● WHAT YOU NEED TO DO: Transcribe the entries below exactly from their first line through the line containing "Gewebepapier mit einem", and let no picture into the copy.
RECORDS FOR THE EXERCISE Block Start
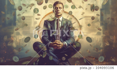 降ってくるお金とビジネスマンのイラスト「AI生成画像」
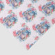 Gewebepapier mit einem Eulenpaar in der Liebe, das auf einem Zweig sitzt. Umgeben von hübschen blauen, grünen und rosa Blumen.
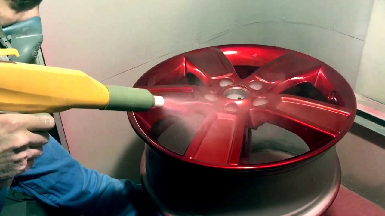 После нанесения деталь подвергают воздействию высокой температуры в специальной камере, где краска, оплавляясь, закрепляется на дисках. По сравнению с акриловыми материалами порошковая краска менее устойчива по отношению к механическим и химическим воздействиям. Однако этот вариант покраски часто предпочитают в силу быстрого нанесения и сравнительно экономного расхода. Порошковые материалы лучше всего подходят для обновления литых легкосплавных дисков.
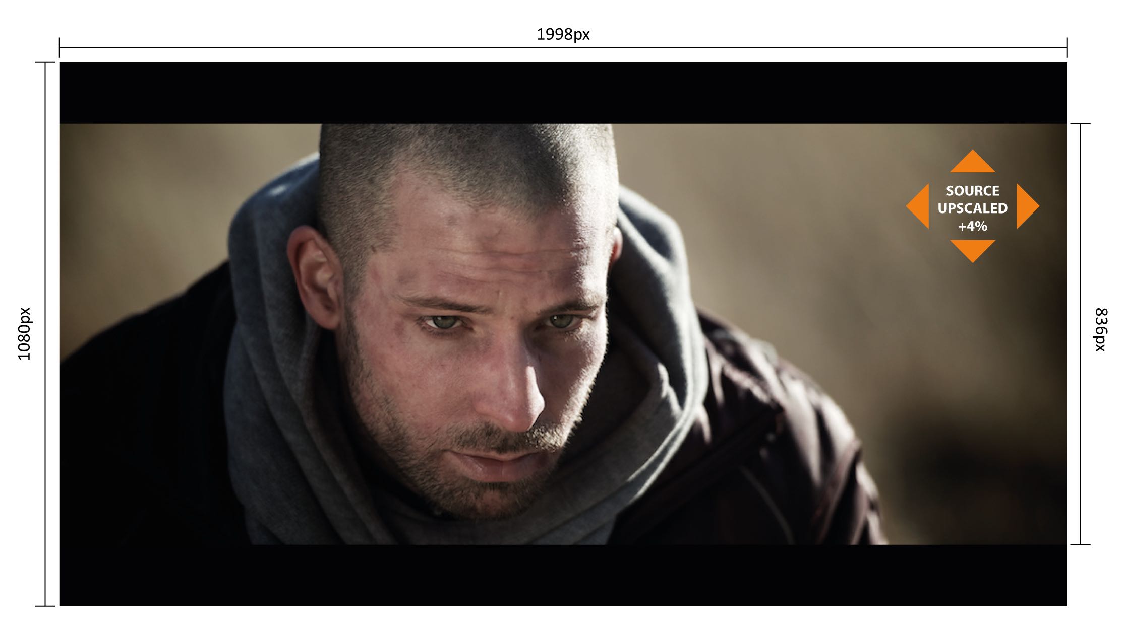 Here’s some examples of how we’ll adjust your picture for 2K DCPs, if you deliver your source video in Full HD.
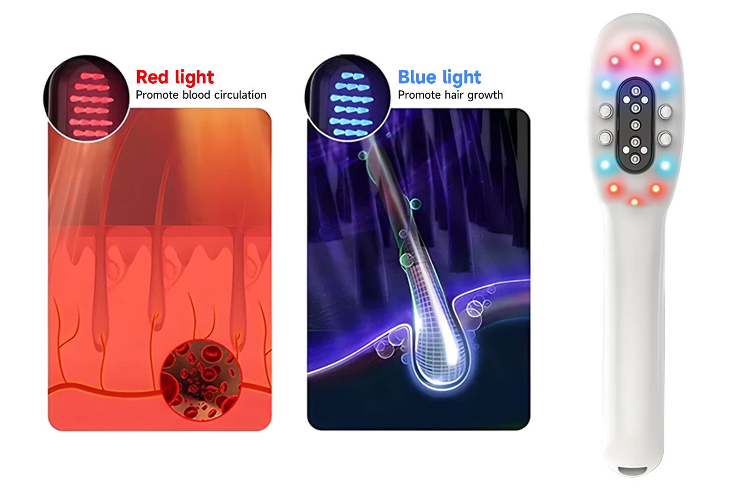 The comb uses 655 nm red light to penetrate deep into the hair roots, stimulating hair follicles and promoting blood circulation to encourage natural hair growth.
RECORDS FOR THE EXERCISE Block End
● ANSWER FOR THIS EXERCISE:
 降ってくるお金とビジネスマンのイラスト「AI生成画像」
 Gewebepapier mit einem Eulenpaar in der Liebe, das auf einem Zweig sitzt. Umgeben von hübschen blauen, grünen und rosa Blumen.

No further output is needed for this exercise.